Signs of the times:
Energy Benchmarking: Rich Miller at Datacenter Knowledge is reporting that TPC will update their performance benchmarks to include energy efficiency data. In the future, they’ll measure performance, price and energy in their benchmarks.
Actual datacenter energy costs (rather than power supply nameplate ratings) are hard to generalize. The numbers that I can find are all over the map. Energy use depends on server load, server configuration, server efficiency, power distribution efficiency and cooling efficiency, none of which are easily calculated and rarely measured. As a rough estimate, it looks like for small servers the cost of power + cooling approaches the cost of purchasing the server hardware and amortizing it over 4 years. Figuring energy use into the price/performance calculations for systems should skew future purchases toward efficiency.
Power Calculators: HP has a rack power calculator tool that provides useful estimates of power use for a given HP server and rack configuration. APC and others provide similar tools. I’m sure they build the tools to help figure per-rack UPS, power and cooling for custom rack configurations, but the tools can easily be used to help estimate energy costs.

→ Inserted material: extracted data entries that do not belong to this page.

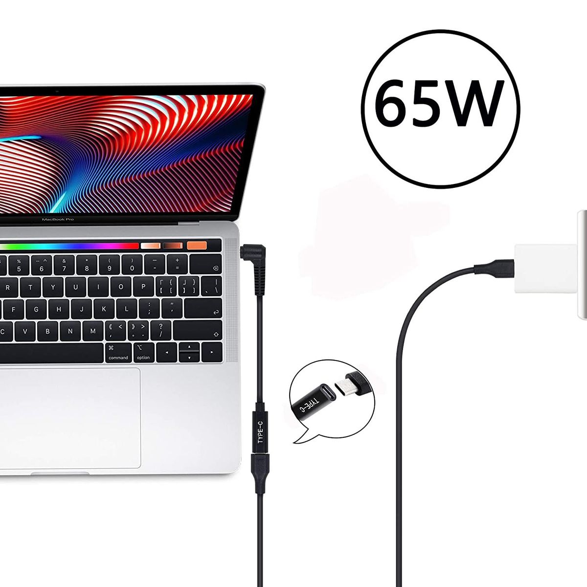 1.This PD Adapter must a PD (USB-C Male) 65w or le power wall outlet adapter.Power shortage will ca charging failure.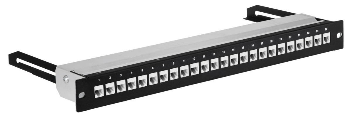 Patch panel pusty wysuwany RACK 19 1U na 24 moduły keystone kat.5e, 6, 6a UTP czarny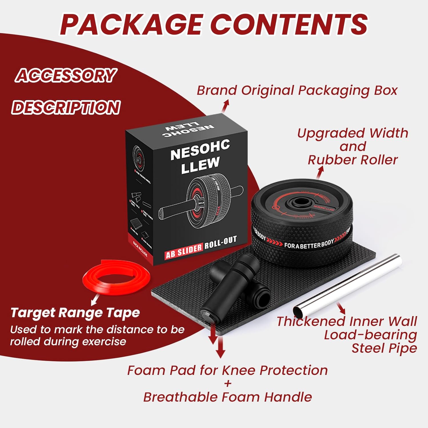 Upgraded Ab Roller Wheel. Abdominal Training Roller for Men/Women, Abdominal Wheels Widened to 3.4 ", Rubber Tread of The Abdominal Wheel Upgraded, Max Weight 490 lbs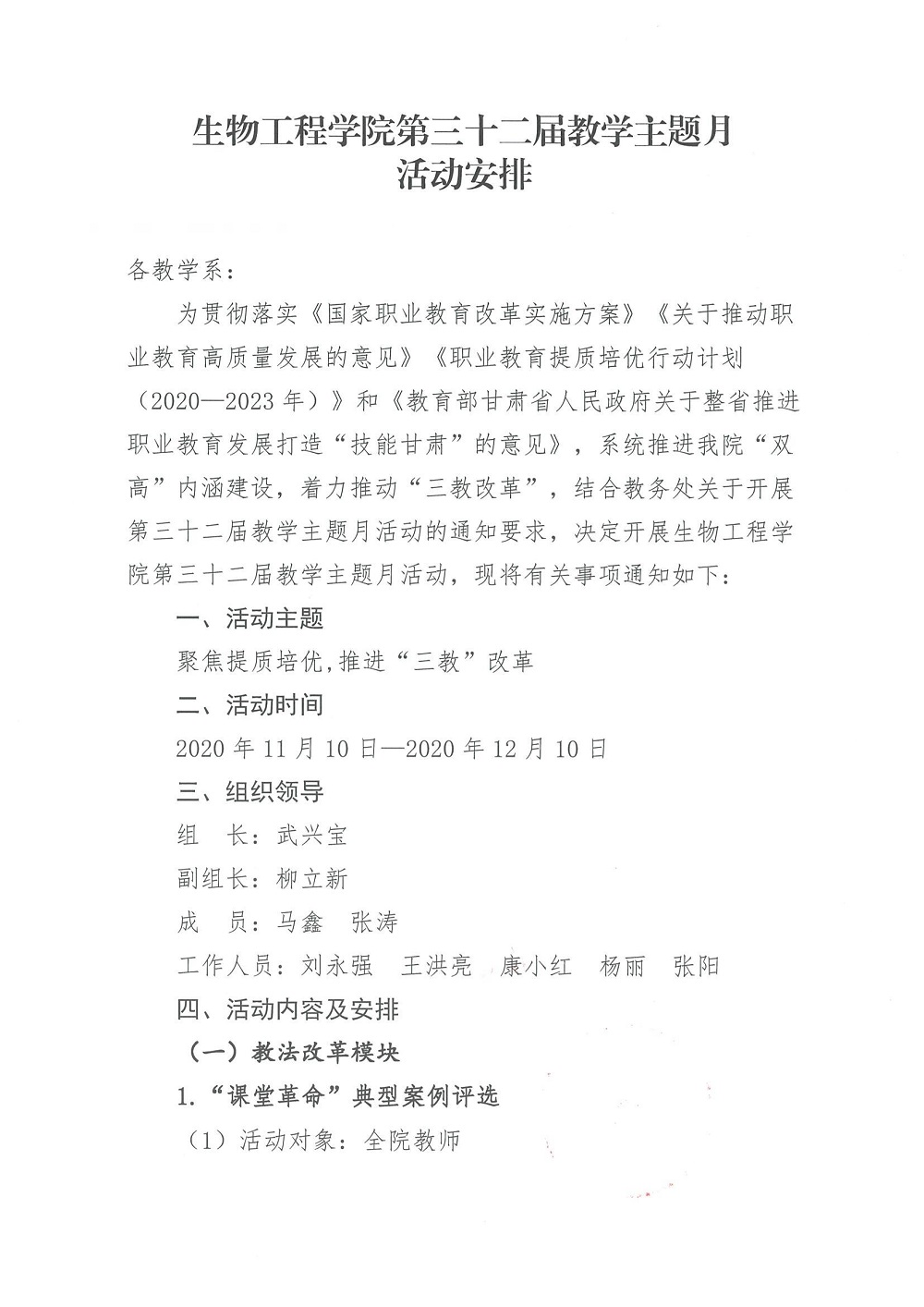 生物工程学院第三十二届教学主题月安排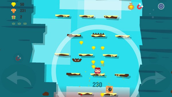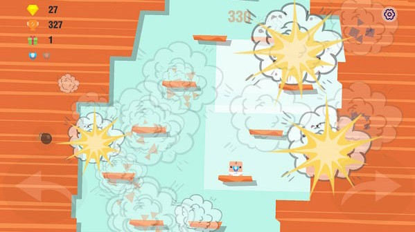 2.在跳跃的时候,您将捡到不同的道具,例如火箭,炸弹等,合理的使用道具,将带来完全不一样的体验。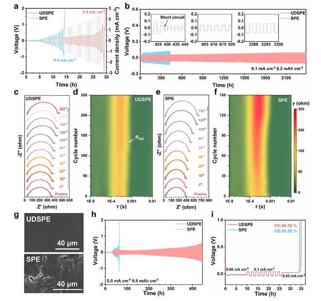 图 4 为聚合物电解质的电化学性能图,分析了锂对称电池的临界电流密度、恒流循环曲线、电化学阻抗谱与弛豫时间分布结果,以及锂电极镀锂后的扫描电镜图像、不同电流密度下的循环曲线和锂铜半电池的库仑效率数据,体现电解质的界面稳定性与锂枝晶抑制能力。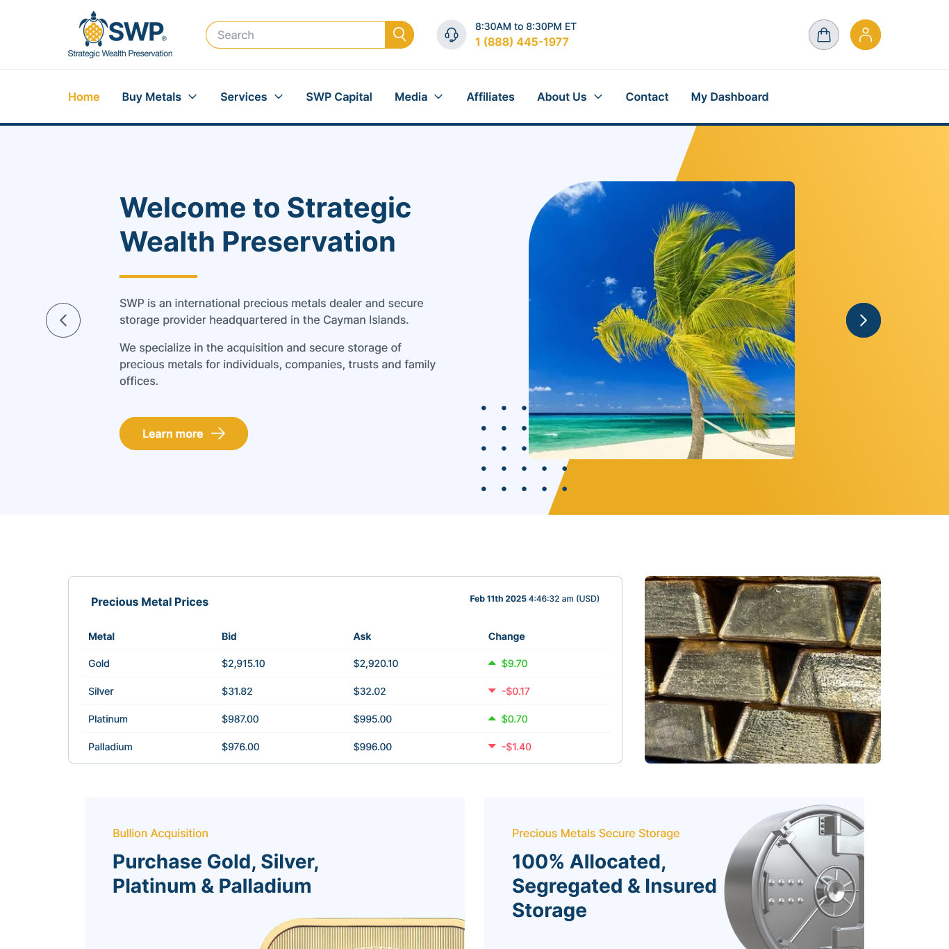 Strategic Wealth Preservation (SWP) is an international precious metals dealer and secure storage provider headquartered in the Cayman Islands. The company owns and operates a large, Class III UL rated vault in Grand Cayman and has sales representatives located in Canada.

Don’t forget cooling: One thing I’ve noticed is that people tend to forget that for every watt of electricity that their systems use, they’ll have more than one watt of cooling that they need to supply to remove the heat from the datacenter (or their house if they have air conditioning). The process of removing the watt of energy from the room is not 100% efficient. For example, if I have a rack that uses 5000 watts, a cooling system that was 100% efficient would use an additional 5000 watts to remove the heat from the room. But cooling systems are not 100% efficient. Worst case, you might spend up to an additional 10,000 watts of energy to cool the 5000 watt server rack.